Monday, July 13, 2020

Book notes: Secret of Pivot boss by Franklin Ochoa , Chapter 2

In this article, we will understand the formation of the candles which helps us to understand "start of reversal pattern".

Candle meaning
fig 1


fig 2

1. Mr. Ochoa tells us the following points for reversal wick pattern.
  • We should focus on fig 2 candle which has wick to body ratio from 2.5:1 to 3.5:1.
  • Close% should be less than 5%.
  • Fig 3 will confirm this pattern.
fig 3

2. Extreme reversal pattern
fig 4

  • The first bar of the pattern is about two times larger than the average size of the candles in the lookback period.
  • The body of the first bar of the pattern should encompass more than 50 percent of the bar's total range, but usually not more than 85 percent. 
  • The second bar of the pattern opposes the first. If the first bar of the pattern is bullish, then the second bar must be bearish.

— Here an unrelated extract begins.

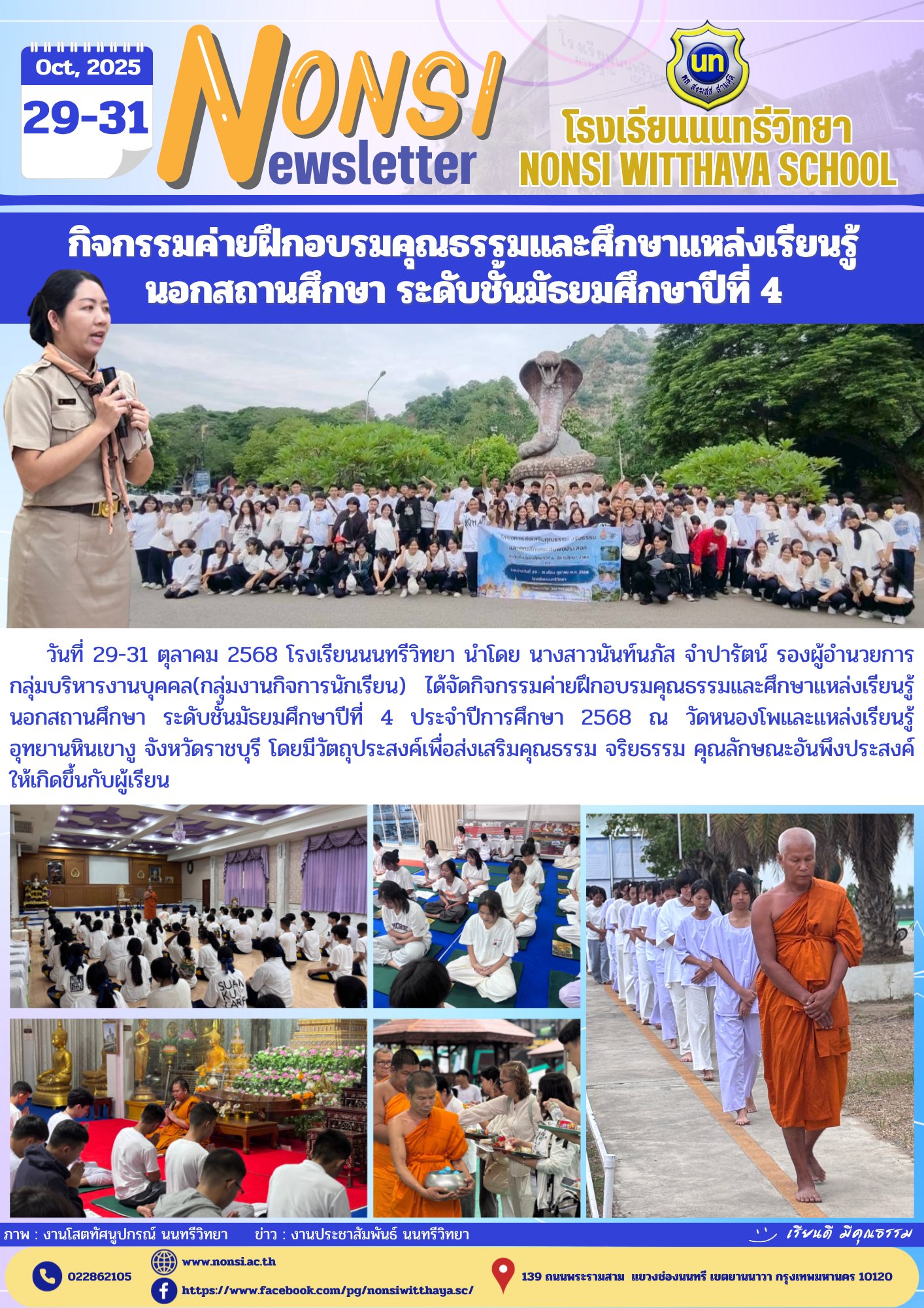 วันที่ 29-31 ตุลาคม 2568 โรงเรียนนนทรีวิทยา นำโดย นางสาวนันท์นภัส จำปารัตน์ รองผู้อำนวยการกลุ่มบริหารงานบุคคล(กลุ่มงานกิจการนักเรียน) ได้จัดกิจกรรมค่ายฝึกอบรมคุณธรรมและศึกษาแหล่งเรียนรู้นอกสถานศึกษา ระดับชั้นมัธยมศึกษาปีที่ 4 ประจำปีการศึกษา 2568 ณ วัดหนองโพและแหล่งเรียนรู้ อุทยานหินเขางู จังหวัดราชบุรี โดยมีวัตถุประสงค์เพื่อส่งเสริมคุณธรรม จริยธรรม คุณลักษณะอันพึงประสงค์ให้เกิดขึ้นกับผู้เรียน

If the first bar is bearish then the second bar must be bullish.
Example
Fig 5
In the middle responsive buyer try to test new price values by creating long candles, but reversal next candle of opposite colour prooves that trend resume. ref fig 5.

3. Outside reversal setup
Fig 6

  • The engulfing bar of a bullish outside reversal setup has a low that is below the prior bar's low & close that is above the prior bar's high.
  • The engulfing bar of a bearish outside reversal setup has a high that is above the prior bar's high and a close that is below the prior bar's low.
  • The engulfing bar is usually 5 to 25 percent larger than the size of the average bar in the lookback period. 
Below is the logic behind that

                                             Fig 7


4. Doji reversal setup

  • The open and close price of the doji should fall within 1 percent of each other, as measured by the total range of the candlestick.
  • For a bullish doji, the high of the doji candlestick should be below the ten-period simple moving average.
  • For a bearish doji, the low of the doji candlestick should be above the ten-period simple moving average.
  • For a bearish doji, one of the two bars following the doji must close beneath the low of the doji.
  • For a bullish doji setup, one of the two bars following the doji must close above the high of the doji.
This was the summary of chapter 2. I would like to add more concepts in my future blogs. I will also try to present example in order to confirm these logics.

Thanks for reading it. I would like to thank the author to provide this knowledge and let it be available for us.